PROVIDED MATERIAL —
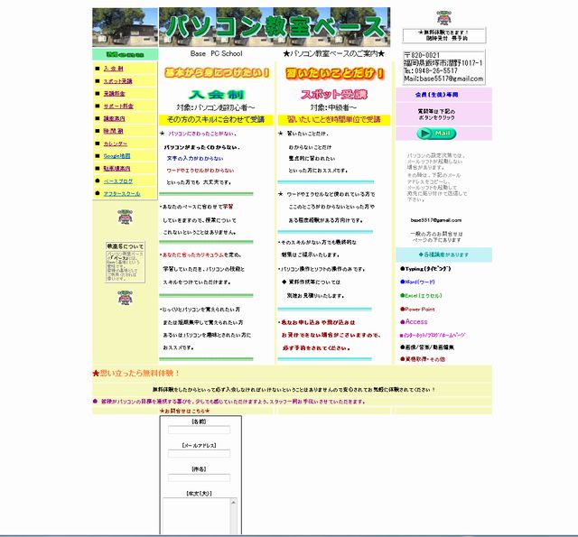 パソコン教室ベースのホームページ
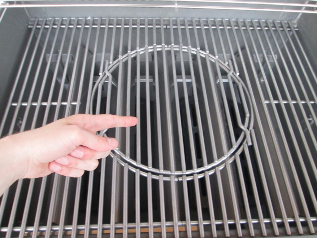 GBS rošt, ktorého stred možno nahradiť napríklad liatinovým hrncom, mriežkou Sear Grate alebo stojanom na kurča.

==

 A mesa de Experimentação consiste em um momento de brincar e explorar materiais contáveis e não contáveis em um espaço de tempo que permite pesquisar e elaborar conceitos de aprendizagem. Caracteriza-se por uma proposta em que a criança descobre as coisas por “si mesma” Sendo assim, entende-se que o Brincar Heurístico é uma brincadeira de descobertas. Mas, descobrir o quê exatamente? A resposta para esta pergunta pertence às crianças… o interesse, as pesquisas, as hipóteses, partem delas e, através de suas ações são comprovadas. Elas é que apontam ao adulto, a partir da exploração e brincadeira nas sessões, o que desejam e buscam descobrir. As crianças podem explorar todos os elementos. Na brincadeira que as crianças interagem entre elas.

==

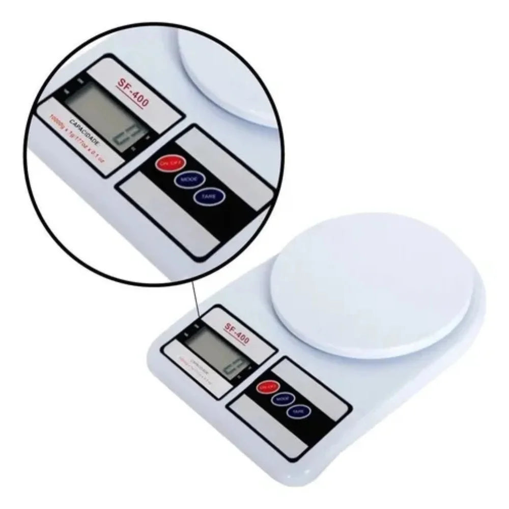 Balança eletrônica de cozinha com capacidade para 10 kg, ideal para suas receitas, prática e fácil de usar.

TASK TO COMPLETE — Would you copy, word for word, only the lines above from the one containing "パソコン教室ベースのホームページ" through the one containing "GBS rošt, ktorého", both included, and please leave out the pictures?

ANSWER BELOW —
 パソコン教室ベースのホームページ
 GBS rošt, ktorého stred možno nahradiť napríklad liatinovým hrncom, mriežkou Sear Grate alebo stojanom na kurča.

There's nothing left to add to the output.